C object memory layout
Write this article is exactly because you want to figure out how VC is layout each C object, and how to complete the transition of the pointer.
First asked a question, after two different types of pointers conversion, are they the same value? For example:
INT nvalue = 10; int * pint = & nvalue; void * pvoid = pint; char * pchar = (char *) PINT;
Is the value of these pointers (not the content of the memory pointer to the content)? If your answer is YES, if it is a class's inheritance system? In the process of inheriting the class to the base class, the value of the pointer Still do not change? If your answer is "not necessarily change, what is the system you want to see", "Congratulations, don't look at it. If you still don't sure it is still changed, Which changes are unchanged, why do you want to change, then look down.

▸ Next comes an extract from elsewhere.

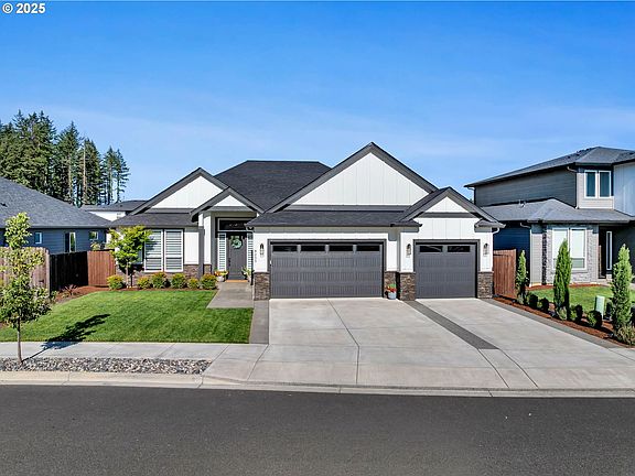 Why wait to build when you can have Better-Than-New construction with this Cascade West 2022 built ranch style modern farmhouse?! Avoid the stress and long wait and move into this turn key beauty, upgraded galore with high end finishes and quality craftsmanship. Soaring ceilings throughout this great room floorplan features gas fireplace and custom built ins, HUGE chef's kitchen, oversized island with farm sink and a dream walk in butler's pantry. Wide hallways lead to 3 nicely appointed bedrooms and a bonus office/den/playroom. Primary suite with coffered ceilings, designer en suite bathroom with heated tile floors, large soaking tub and walk in tile shower. Dual vanities and XL walk in closet. Laundry room has concrete countertops, utility sink and shiplap mudroom storage bench. Oversized 3 car garage with 220v and Tesla Lvl2 charger. Spacious covered patio out back and a fully fenced backyard with raised beds. Si Ellen Farms neighborhood with quality builders all around and a community park with playground, pickle-ball and basketball courts, paved paths and more. Hockinson Schools!! Check out the video in the link!

C standard does not specify the specific memory layout of the object when C implementation, in addition to small restrictions in some respects, the layout of the C object is completely decided by the compiler itself by the compiler, here I just discuss VC .NET In the implementation of the 2003 Build 7.1.3091, I didn't test it in VC5 VC6 VC.Net 2002 and other 2003 buildings, and the conclusion may not be suitable for those compilation platforms. These are the specific implementation of the compiler, and MS is not notified. Make changes in your circumstances. So much nonsense, start now.
For the conversion of C's built-in pointer, the result is not to discuss, we just discuss C objects. From the simplest start.

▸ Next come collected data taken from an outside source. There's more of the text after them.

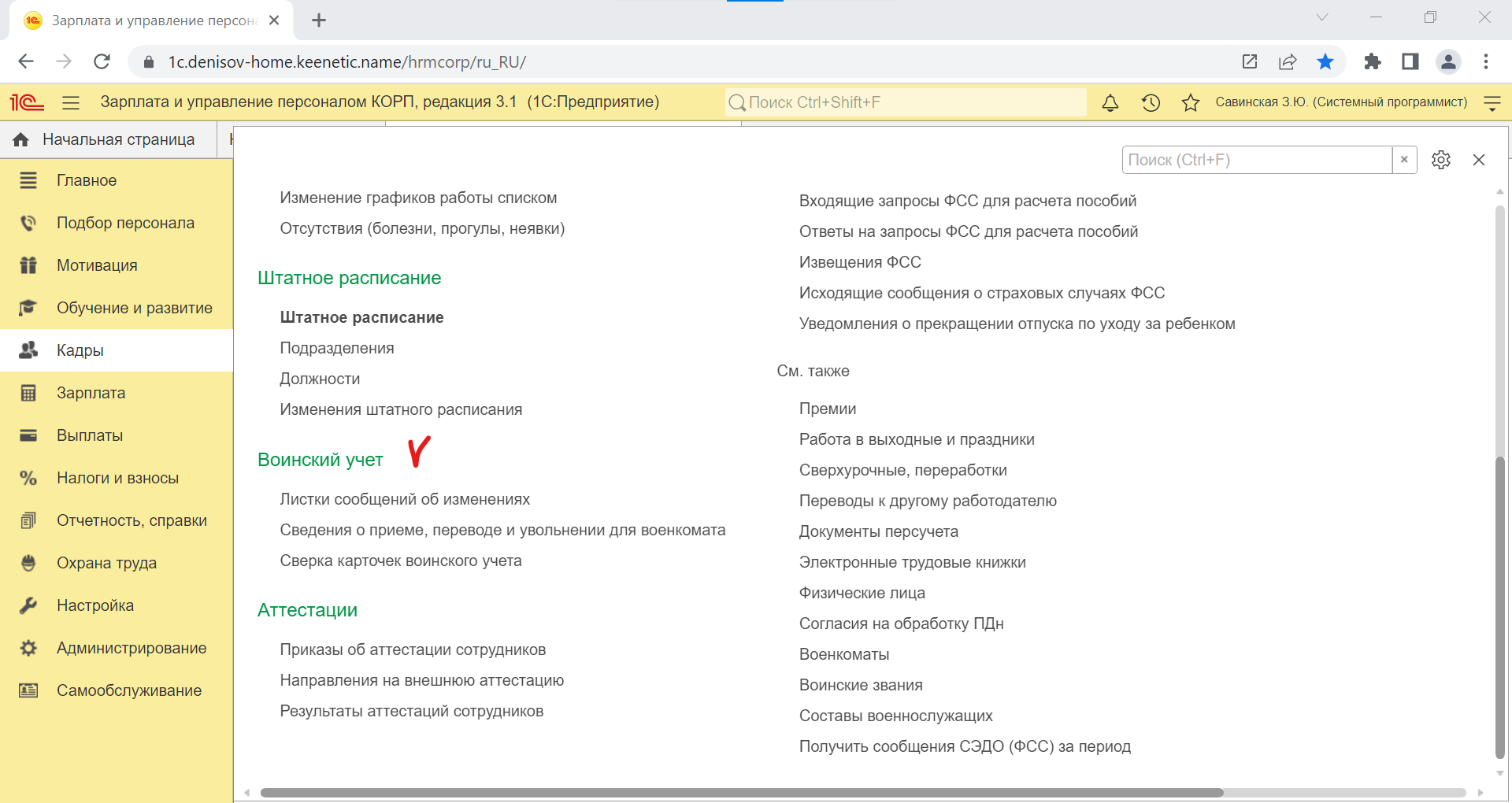 Как включить раздел «Воинский учет» и настроить программу «1С:ЗУП»
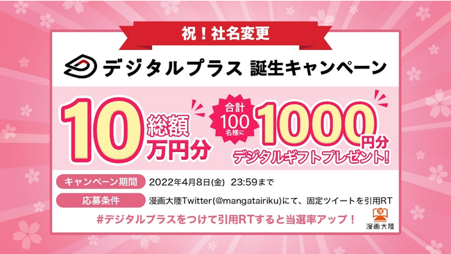 デジタルプラスへの社名変更を記念して、当社運営メディア「漫画大陸」にて、総額10万円分のデジタルギフトプレゼントキャンペーンを実施いたします。
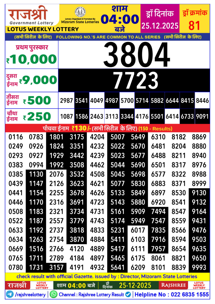 Rajshree Lotus Weekly Lottery 4pm Result 25.12.2025
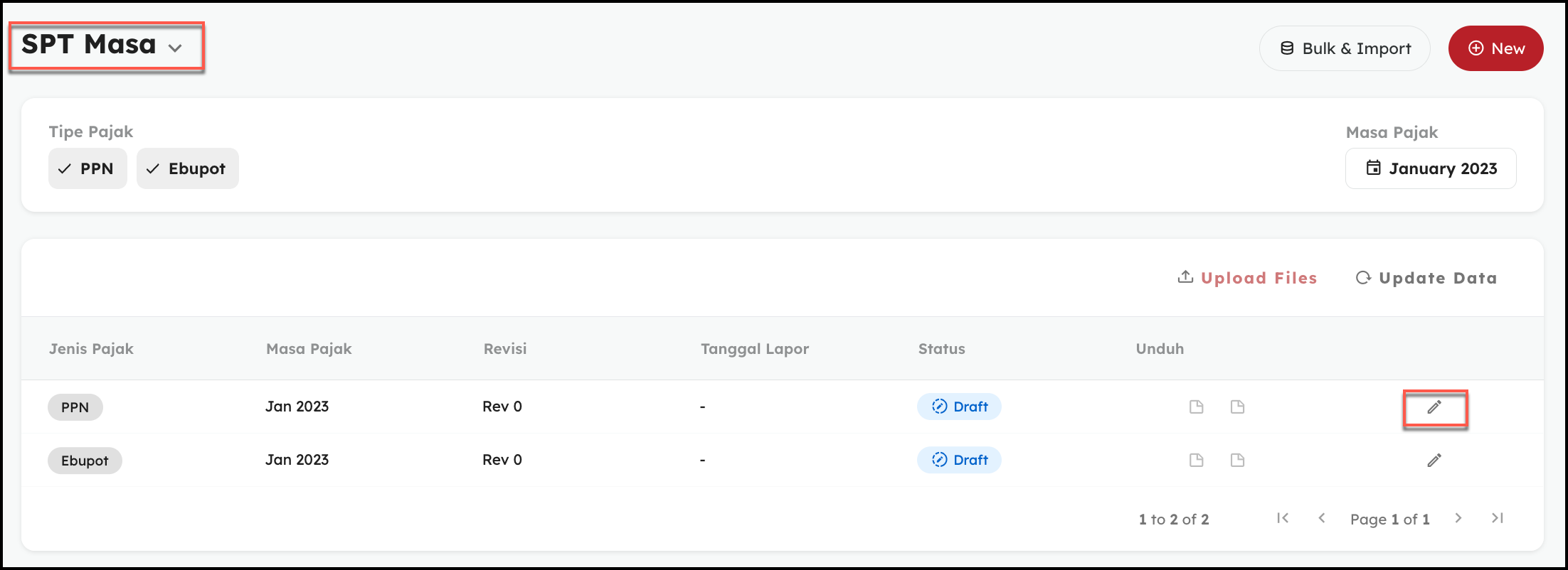 - Pilih menu SPT Masa pilih sesuai dengan masa pajak tersebut lalu klik icon pensil,
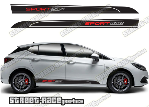 Vauxhall / Opel Astra racing stripes. They are a universal fit to suit all Vauxhall / Opel Astra cars and facelift variants. There are no cutouts for the wheel arches or door lines; these will require trimming during fitting.
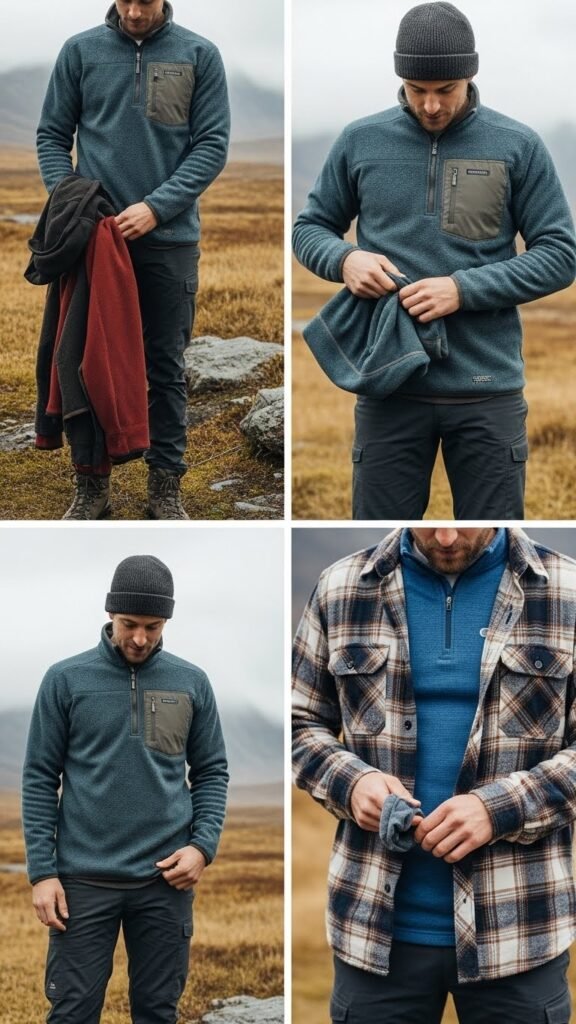 Layer up with a cozy fleece mid-layer or a flannel shirt to trap warmth between your thermal base and outer shell—these pieces give you quick, adjustable insulation when temperatures fluctuate.
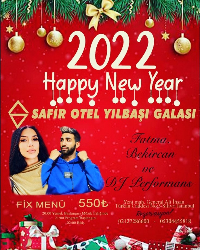 Yaklaşan yılbaşı için ilçedeki eğlence ve otellerin programları belli olmaya başladı. Müşterilerine en kaliteli ve en iyi hizmeti sunmak için birbiriyle yarışan işletmeler, menülerinin yanında geceye renk katacak aktiviteleride ince eleyip sık dokuyorlar. Safir Otel'in programı belli oldu Silivri'nin 4 yıldızlı otellerinden biri olan Safir, yılbaşı gecesi için müşterilerine çeşitli sürprizlerle birlikte uygun fiyaf politikasıyla göze çarpan mekan oldu. 2022'ye uygun ve kaliteli bir eğlence ile girmek isteyenlerin tercihleri arasındaki yerini alan Safir Otel'de muhteşem bir yemek menüsü ve eğlence müşterilerini bekliyor. Canlı müzik ve Dj perpormansı varMekanda erken saatlerde başlayacak olan sahne programında canlı müzikle sahnede Fatma Bekircan olacak. Daha sonra gecenin ilerleyen saatlerinde ise Dj Performansıyla eğlence devam edecek. Otel işletmecisi Mustafa Özçelik, "Yeni yıla müşterilerimizin istek ve talepleri doğrultusunda hazırlanıyoruz. Kaliteli, uygun, nezih bir ortamda keyifli bir geceyi müşterilerimize sunmayı arzu ediyoruz. İnşallah mutlu bir yeni yıla hep birlikte gireceğiz. Şimdiden yeni yılın hepimize hayırlı olmasını diliyor, bizleri terch eden müşterilerimize teşekkür ediyorum" dedi. İşte Safir Otel'in yılbaşı menüsü...

Class CBase {public: int m_nbasevalue;};
Such a class is very simple in memory. He has 4 BYTES space. Don't say more, we have derived a class from him.
Class CDERIVE1: PUBLIC CBASE {public: int m_nderive1value;};
CDERIVE1 is put on in memory? It is also very simple, occupying 8 Bytes space, the first 4 Bytes belong to the CBase class, the last four Bytes belong to yourself. The pointer of a CDerive1 converts into a CBASE pointer, result Yes, let's add multiple inheritance.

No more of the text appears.